:: Work instructions ::
Where the records below begin, start copying, and stop after the line that contains "Inspired by the"; reproduce every line exactly but omit pictures.

(Dataset entries)
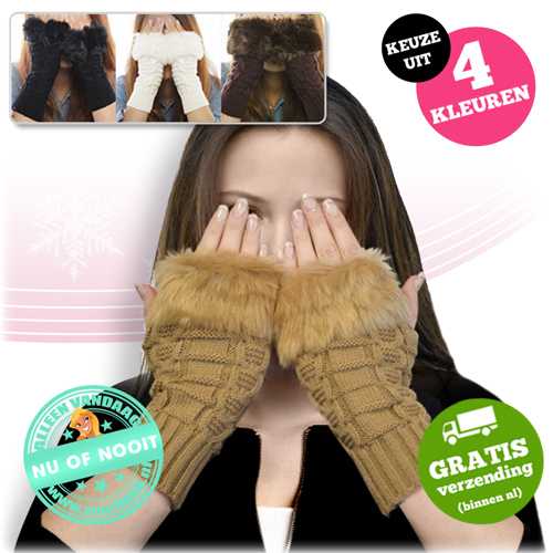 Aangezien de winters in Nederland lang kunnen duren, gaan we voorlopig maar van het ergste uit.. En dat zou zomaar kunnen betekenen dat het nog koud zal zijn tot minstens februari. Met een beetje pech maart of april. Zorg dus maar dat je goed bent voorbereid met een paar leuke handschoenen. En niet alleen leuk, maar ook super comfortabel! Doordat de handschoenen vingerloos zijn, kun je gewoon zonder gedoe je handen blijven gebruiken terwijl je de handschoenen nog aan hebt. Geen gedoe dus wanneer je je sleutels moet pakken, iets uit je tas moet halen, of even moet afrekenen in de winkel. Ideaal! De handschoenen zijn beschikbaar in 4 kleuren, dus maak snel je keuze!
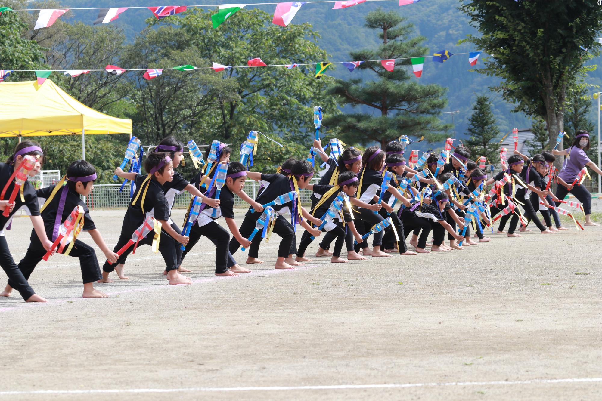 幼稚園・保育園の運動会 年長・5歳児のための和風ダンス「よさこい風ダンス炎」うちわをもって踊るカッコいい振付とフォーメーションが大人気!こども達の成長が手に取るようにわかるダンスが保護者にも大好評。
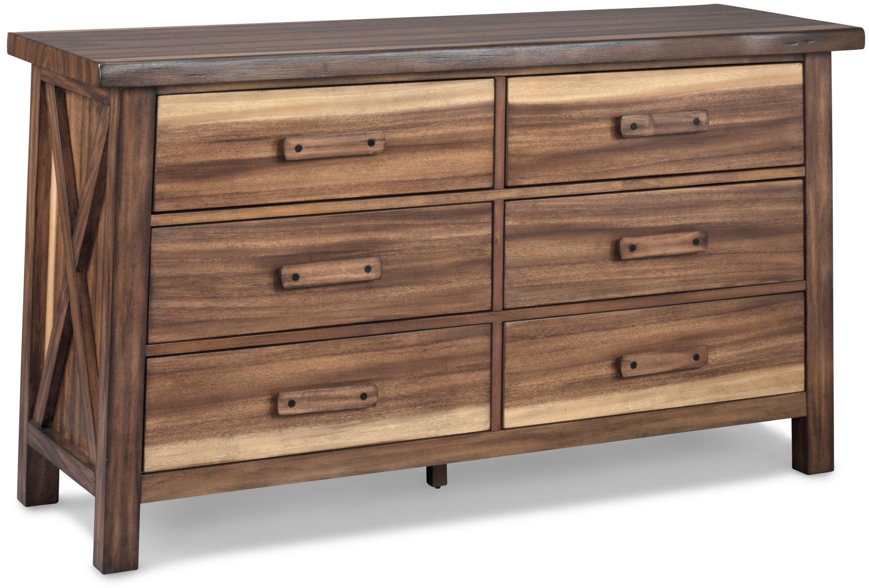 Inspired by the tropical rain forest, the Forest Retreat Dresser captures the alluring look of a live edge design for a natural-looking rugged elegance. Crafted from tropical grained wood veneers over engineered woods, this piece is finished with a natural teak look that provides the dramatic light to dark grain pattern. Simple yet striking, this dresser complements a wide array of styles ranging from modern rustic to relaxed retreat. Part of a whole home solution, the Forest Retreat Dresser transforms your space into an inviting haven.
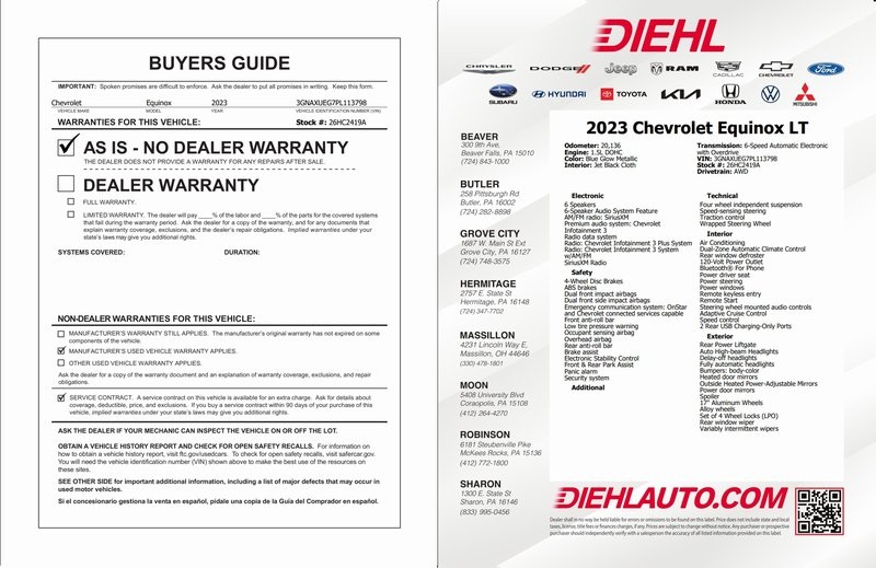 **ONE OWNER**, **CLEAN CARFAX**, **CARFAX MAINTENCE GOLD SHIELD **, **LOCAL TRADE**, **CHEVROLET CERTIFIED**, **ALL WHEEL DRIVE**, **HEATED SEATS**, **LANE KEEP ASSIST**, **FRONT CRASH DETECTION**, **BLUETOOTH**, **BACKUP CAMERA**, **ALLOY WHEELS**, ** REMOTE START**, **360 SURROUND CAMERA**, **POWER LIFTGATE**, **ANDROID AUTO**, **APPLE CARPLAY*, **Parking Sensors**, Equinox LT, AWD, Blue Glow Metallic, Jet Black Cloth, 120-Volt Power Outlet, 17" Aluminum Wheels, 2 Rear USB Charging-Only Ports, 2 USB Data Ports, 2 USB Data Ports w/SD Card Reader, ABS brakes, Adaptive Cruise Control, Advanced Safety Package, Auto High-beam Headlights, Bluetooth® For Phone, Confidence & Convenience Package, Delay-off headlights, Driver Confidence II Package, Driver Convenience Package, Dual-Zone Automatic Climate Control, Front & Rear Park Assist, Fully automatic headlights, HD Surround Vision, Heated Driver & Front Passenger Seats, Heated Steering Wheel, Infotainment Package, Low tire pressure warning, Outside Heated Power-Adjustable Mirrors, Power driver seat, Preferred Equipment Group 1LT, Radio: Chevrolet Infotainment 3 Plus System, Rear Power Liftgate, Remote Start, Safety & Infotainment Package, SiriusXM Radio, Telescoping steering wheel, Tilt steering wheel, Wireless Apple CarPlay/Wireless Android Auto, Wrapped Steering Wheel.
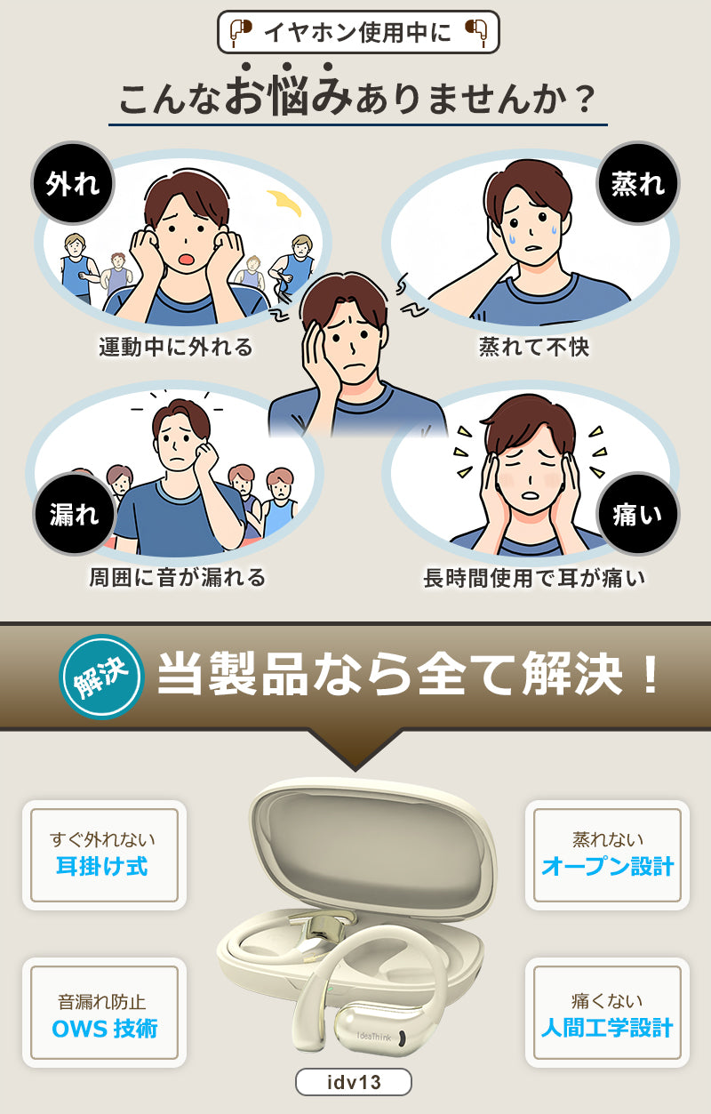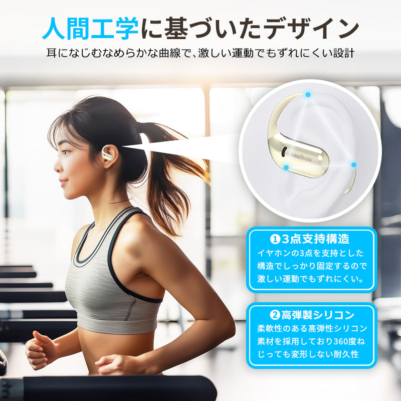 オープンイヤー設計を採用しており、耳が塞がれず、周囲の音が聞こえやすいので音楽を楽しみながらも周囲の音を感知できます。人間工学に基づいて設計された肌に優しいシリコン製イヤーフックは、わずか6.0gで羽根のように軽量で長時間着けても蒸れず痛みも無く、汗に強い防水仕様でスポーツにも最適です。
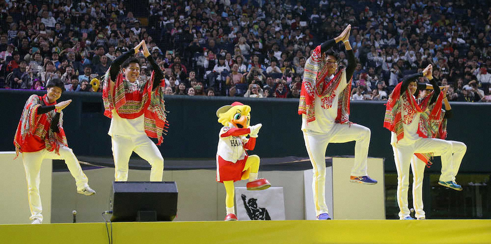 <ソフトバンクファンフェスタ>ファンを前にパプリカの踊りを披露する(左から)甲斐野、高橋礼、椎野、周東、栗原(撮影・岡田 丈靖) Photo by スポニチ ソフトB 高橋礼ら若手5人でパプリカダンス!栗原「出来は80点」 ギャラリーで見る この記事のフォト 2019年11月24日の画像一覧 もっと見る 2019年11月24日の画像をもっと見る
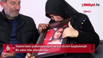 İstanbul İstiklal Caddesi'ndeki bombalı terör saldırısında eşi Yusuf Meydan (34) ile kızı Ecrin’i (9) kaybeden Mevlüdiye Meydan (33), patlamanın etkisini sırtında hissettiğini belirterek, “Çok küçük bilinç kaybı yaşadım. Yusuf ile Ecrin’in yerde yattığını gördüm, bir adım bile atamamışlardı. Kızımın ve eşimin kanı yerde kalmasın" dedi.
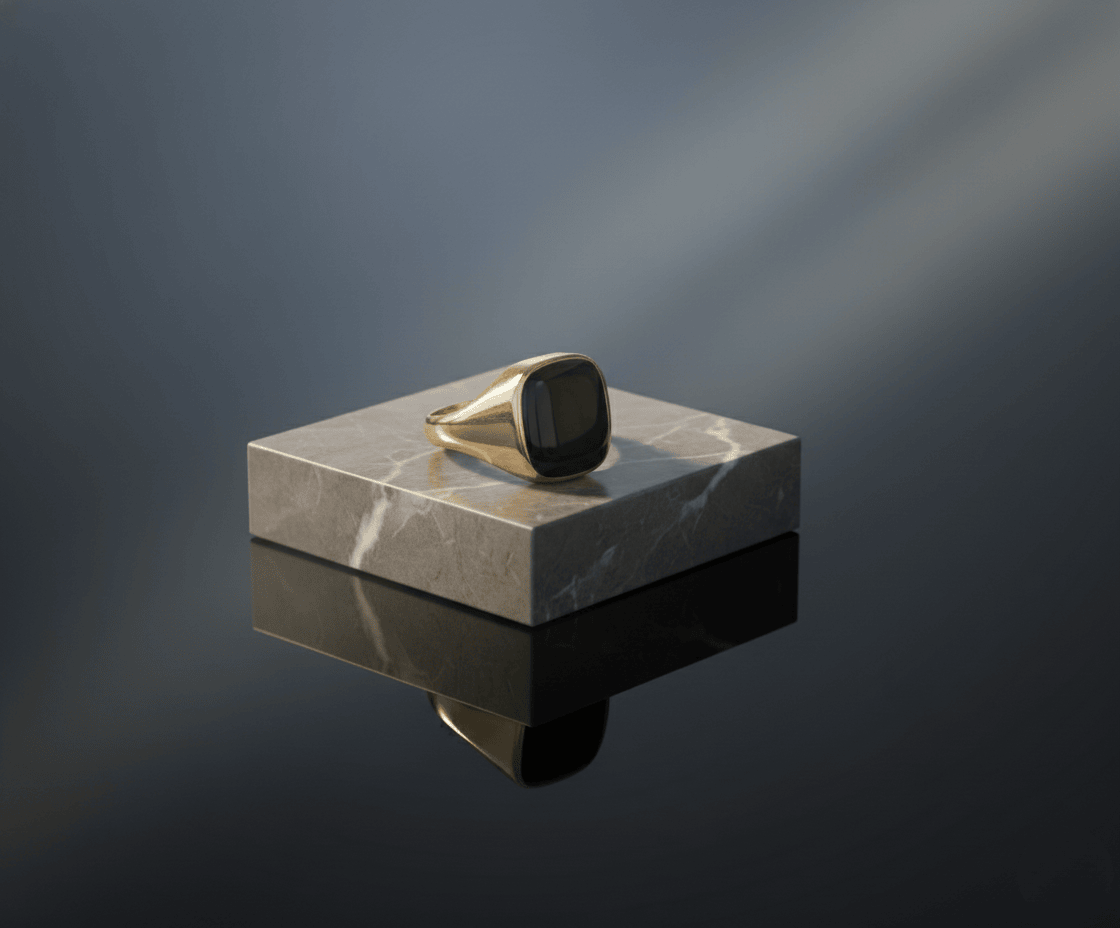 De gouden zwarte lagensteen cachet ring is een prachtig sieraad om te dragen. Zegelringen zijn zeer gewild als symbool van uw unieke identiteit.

:: Exercise answer ::
 Aangezien de winters in Nederland lang kunnen duren, gaan we voorlopig maar van het ergste uit.. En dat zou zomaar kunnen betekenen dat het nog koud zal zijn tot minstens februari. Met een beetje pech maart of april. Zorg dus maar dat je goed bent voorbereid met een paar leuke handschoenen. En niet alleen leuk, maar ook super comfortabel! Doordat de handschoenen vingerloos zijn, kun je gewoon zonder gedoe je handen blijven gebruiken terwijl je de handschoenen nog aan hebt. Geen gedoe dus wanneer je je sleutels moet pakken, iets uit je tas moet halen, of even moet afrekenen in de winkel. Ideaal! De handschoenen zijn beschikbaar in 4 kleuren, dus maak snel je keuze!
 幼稚園・保育園の運動会 年長・5歳児のための和風ダンス「よさこい風ダンス炎」うちわをもって踊るカッコいい振付とフォーメーションが大人気!こども達の成長が手に取るようにわかるダンスが保護者にも大好評。
 Inspired by the tropical rain forest, the Forest Retreat Dresser captures the alluring look of a live edge design for a natural-looking rugged elegance. Crafted from tropical grained wood veneers over engineered woods, this piece is finished with a natural teak look that provides the dramatic light to dark grain pattern. Simple yet striking, this dresser complements a wide array of styles ranging from modern rustic to relaxed retreat. Part of a whole home solution, the Forest Retreat Dresser transforms your space into an inviting haven.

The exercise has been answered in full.